(14 Aug 2016, 8:08 am)GX03 SVC wrote Confusion?!
If I got refused on a bus because my multi-operator ticket was printed on another operator's ticket stock I'd ask them what would does their multi-operator ticket look like...
Surely, they'd know what CAT, Explorer, Rover are..........and what they're valid on.
And with GNE, would a quick call through to Control do much harm asking if it's valid or not? Instead, the driver threatened the passenger with refusal of boarding the vehicle the next time he sees them...
As aforementioned in the post I made, to which you replied, I stated that bus drivers at Chester-le-Street generally expect to receive a bus ticket when a customer shows a previously purchased ticket to travel, and not a Metro ticket. Irrespective of the validity. At no point did I say that the driver was right for doing what he did, I merely attempted to explain how confusion may have arisen and the subsequent dispute came to fruition. Drivers are not robots; they can and will make errors, just like any other human beings, and it's clear that in this instance, the driver was adamant that South Tyne Lad's ticket was not valid for travel, on the basis that it was a ticket that he'd purchased at a Tyne & Wear Metro station.

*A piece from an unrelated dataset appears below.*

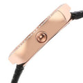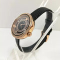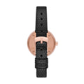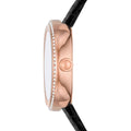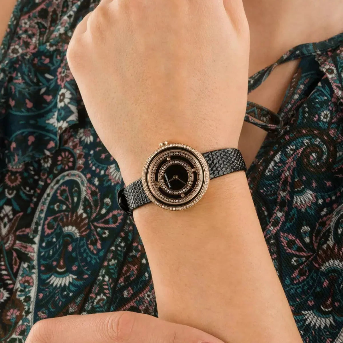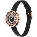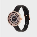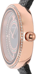• This model exhibits a black dial with concentric circles of crystals and rose gold hour and minute hands.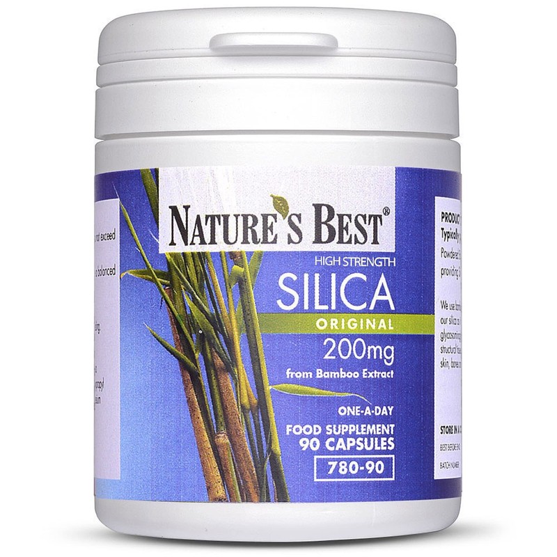 NATURE'S BEST Silica 200mg | High Strength Naturally Sourced Silica Supplement | for Skin Health and Mobility | 90 One-A-Day, Vegan Capsules | from Bamboo Extract | UK Made

I've no doubt that drivers are well aware of what the Nexus CAT, North East Explorer and any other multi-operator tickets are valid for travel on, but on this occasion, the driver was of the understanding that the ticket was invalid for travel. Regardless of the validity of the ticket, drivers at Chester-le-Street will generally see more Nexus CATs printed on bus ticket rolls than produced from ticket machines on the Tyne & Wear Metro. As will be the case at other depots based in County Durham, and not in Tyne & Wear.
At the end of the day, he was permitted travel. And the rather idle ''threat'', if it can really be called that, of not being permitted to travel in a future instance of having the passenger on board his vehicle (which, for the record, is incredibly unlikely to happen. The chances of the driver seeing South Tyne Lad in the future and recognising him as the person he nearly refused travel for attempting to board with what he thought was an invalid ticket, is very slim indeed) is nothing to lose sleep over.
Let's move on, and not clog up a key news thread with this. Nothing more to say on the matter.